Second Man Indicted in Las Vegas 'Road Rage' Shooting

Derrick Andrews is facing charges including murder with use of a deadly weapon.

— -- A second man has been indicted for murder and other charges over a shooting in Las Vegas last month that left a mother of four dead.

Derrick Andrews is being charged with conspiracy to commit murder, murder with use of a deadly weapon, attempted murder with a deadly weapon and discharge of a firearm from or within a structure or vehicle, according to an indictment handed down today.

Andrews is being housed at the Clark County Detention Center, police said. There was no answer at a phone number associated with a Derrick Andrews in Las Vegas.

At the time of Nowsch's arrest, police said they were looking for a second suspect, possibly the driver of a car from which Nowsch allegedly fired shots. In a news release this evening, police said Andrews was the "outstanding driver."

However, the superseding indictment itself alleges Nowsch and Andrews were together when the killing was planned and carried out, making them both complicit. It doesn't specify who allegedly drove the car or fired the shots that killed 44-year-old Tammy Meyers on Feb. 12.

Prosecutors may seek the death penalty in the case, the AP reported.

Meyers was shot in her driveway after she went looking for the other car involved in a "road rage" incident that occurred after she gave her daughter a late-night driving lesson, according to police. During that confrontation, a man got out of the driver's seat of the other car and said, "I'm gonna come back for you and your daughter," Meyers' teenage daughter told police, according to a police warrant.

After Meyers and her daughter arrived home, Meyers' son, Brandon, 22, told his mother to come into their house and call the police, but Meyers insisted on looking for the other car, according to a police timeline of events.

The mother and son searched the neighborhood, police have said, and someone apparently followed them home and shot at the Meyers car at two locations, including Meyers' driveway.

Nowsch's lawyer, Conrad Claus, told ABC News in an exclusive interview in February that his client may have been the target, not Meyers, and that no road rage occurred.

"The facts seem to point to self-defense in this situation," Claus said. "It seems to explain the facts we have in front of us more sensibly than any other explanation."

Calls to Claus' office phone number were not answered today.
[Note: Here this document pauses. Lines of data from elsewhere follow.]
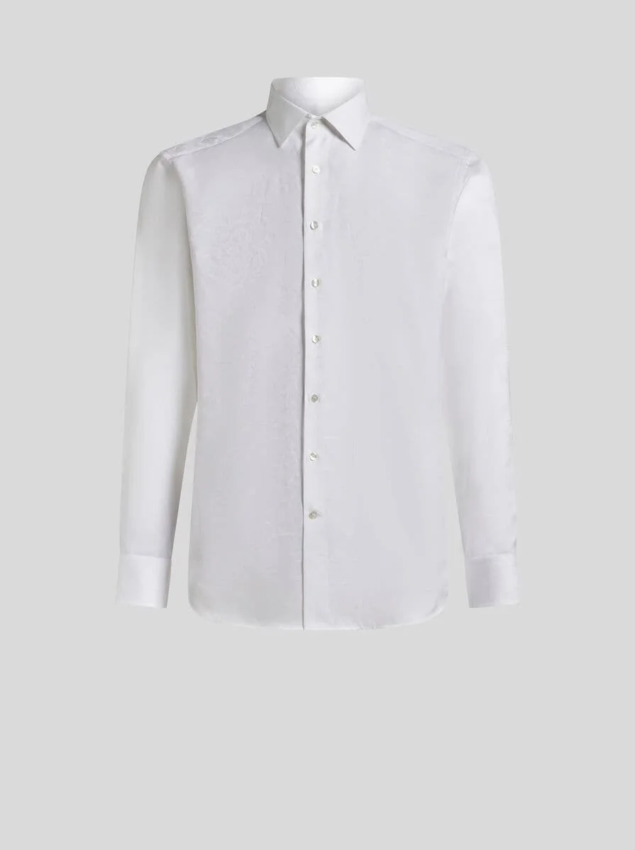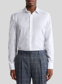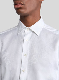 Pure cotton shirt with jacquard detailing all over. • Roma regular fit • Straight-point collar • Double-buttoned working cuffs • Made in Italy • The model is 6' 1½" (187 cm) tall and wears a size 39 PRODUCT DETAILS • 100% cotton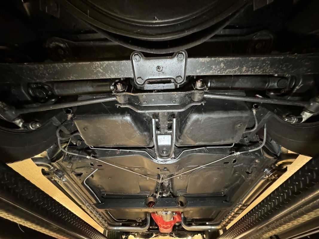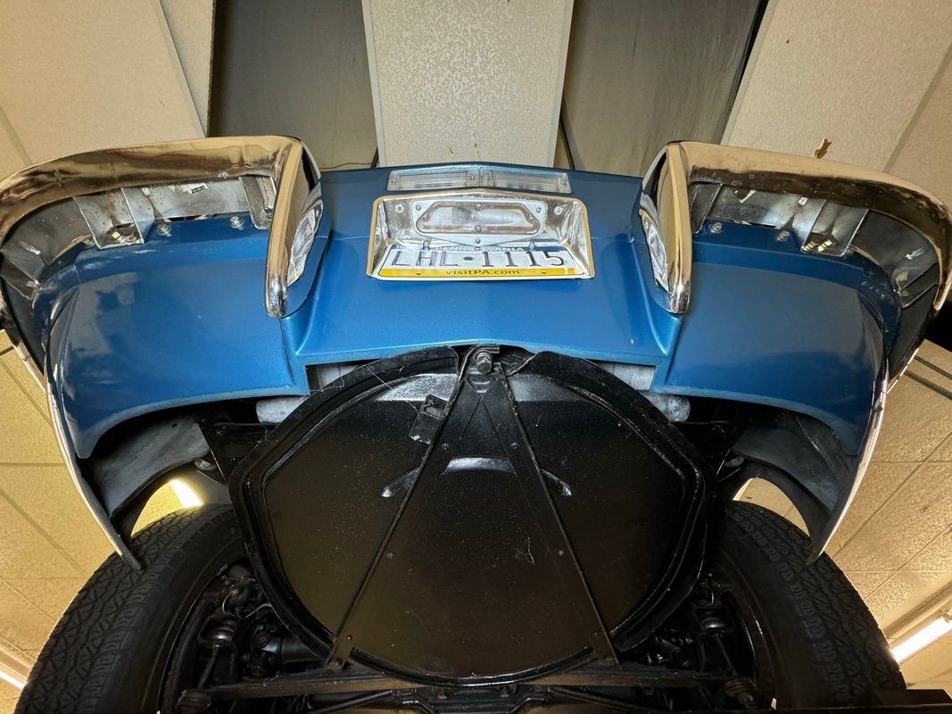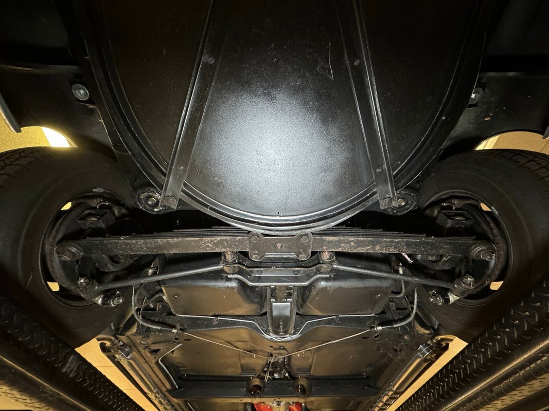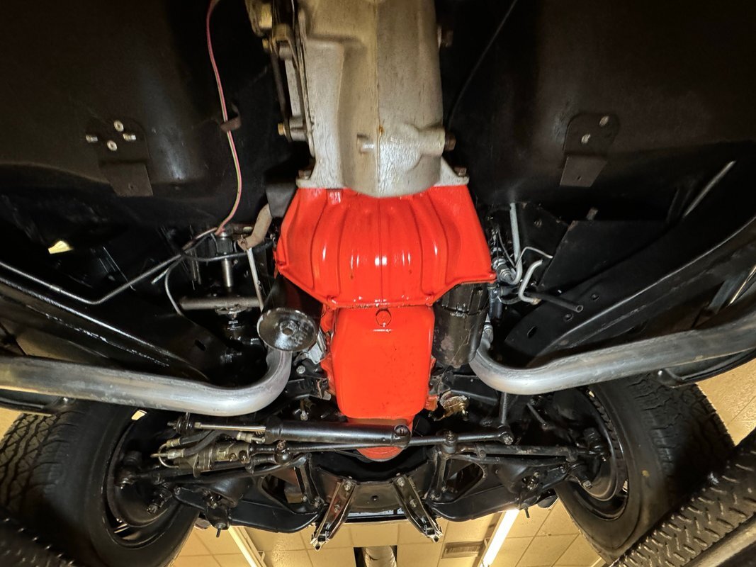 All clean underneath with no surface rust nor leaks to speak of. The dual exhaust flow directly to the side pipes and suspension consists of coil springs up front and Corvette's system of a frame mounted differential, tubular axle drive shafts, transverse strut rods, torque control arms, and transverse leaf springs.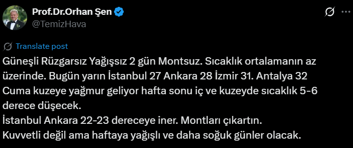Hafta sonu ise kuzey bölgelerde yağmur etkili olacak ve iç bölgelerde sıcaklık 5-6 derece düşecek. Buna göre İstanbul ve Ankara’da sıcaklıklar 22-23 dereceye kadar gerileyecek. Şen, vatandaşlara “Montları çıkarın” uyarısında bulundu.
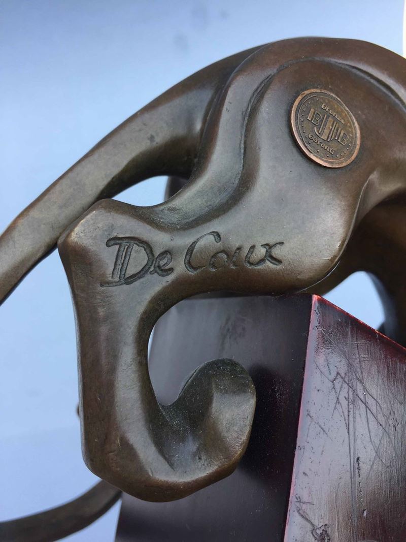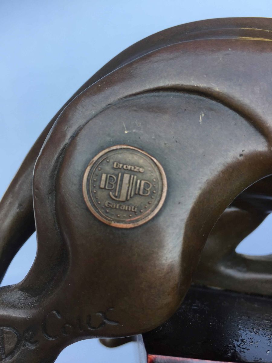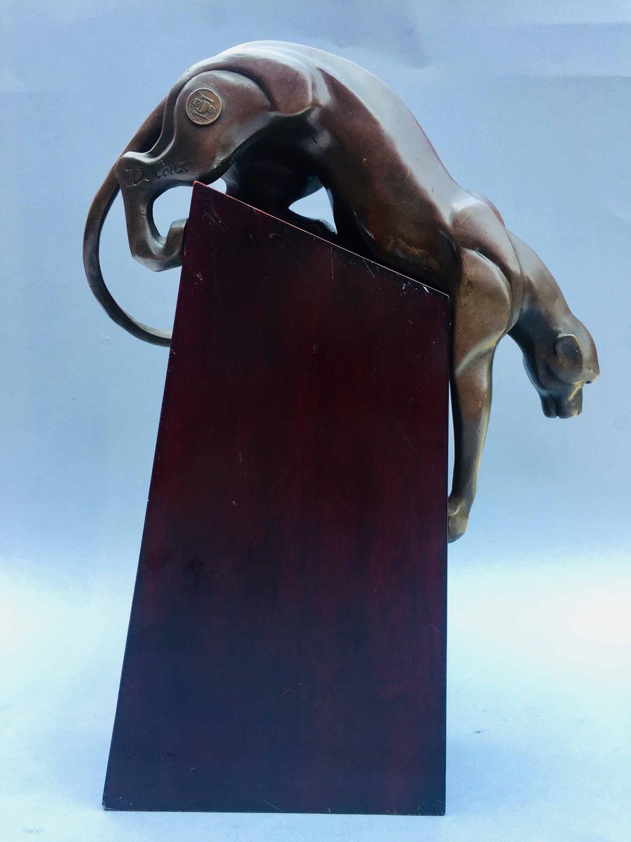 "Pantera" in bronzo su base in legno di color rosso scuro (mogano ?) Altezza cm 34,2; profondità cm 24 Firma incussa DE COUX e, in rilievo, bollo di garanzia del fonditore XX° secolo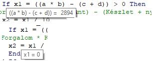 End SubA problémám az, hogy az x1 változónak kéne felvenni a kalkulát rendelés eredményét, mert tovább kellene vele még számolnom, de az mindig 0 értéket vesz fel. Azért nem értem, mert ha ráviszem az egerem a szorzatra, akkor látszik, hogy mindent jól számol ki: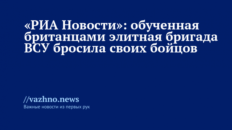 Командиры считающейся элитной 82-й десантно-штурмовой бригады Вооруженных сил Украины (ВСУ), которую готовили инструкторы Вооруженных сил Великобритании, оставили своих бойцов на позициях. Об этом 8 ноября сообщает «РИА Новости» со ссылкой на источник в российских силовых структурах.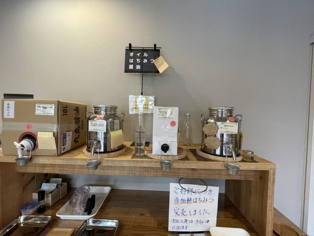 オイルやはちみつ、醤油。液体の商品も購入できます!

Samuel Schwartz, attorney for the Meyers family, said this in a statement:

"It looks as if the Las Vegas Metropolitan Police Department has the driver. It is important to remember that there has been a good deal of speculation and publication of pure rumors about what motivated this killing. According to grand jury transcripts, Erich Nowsch admitted to a friend that he thought he was shooting a gang member. He told his friend he thought he had hit one of the people who were “after him.” Instead, he had killed a mother of four children, a wife, and her name has been tarnished by this kind of irresponsible speculation. Tammy Meyers and the Meyers family are the victims here."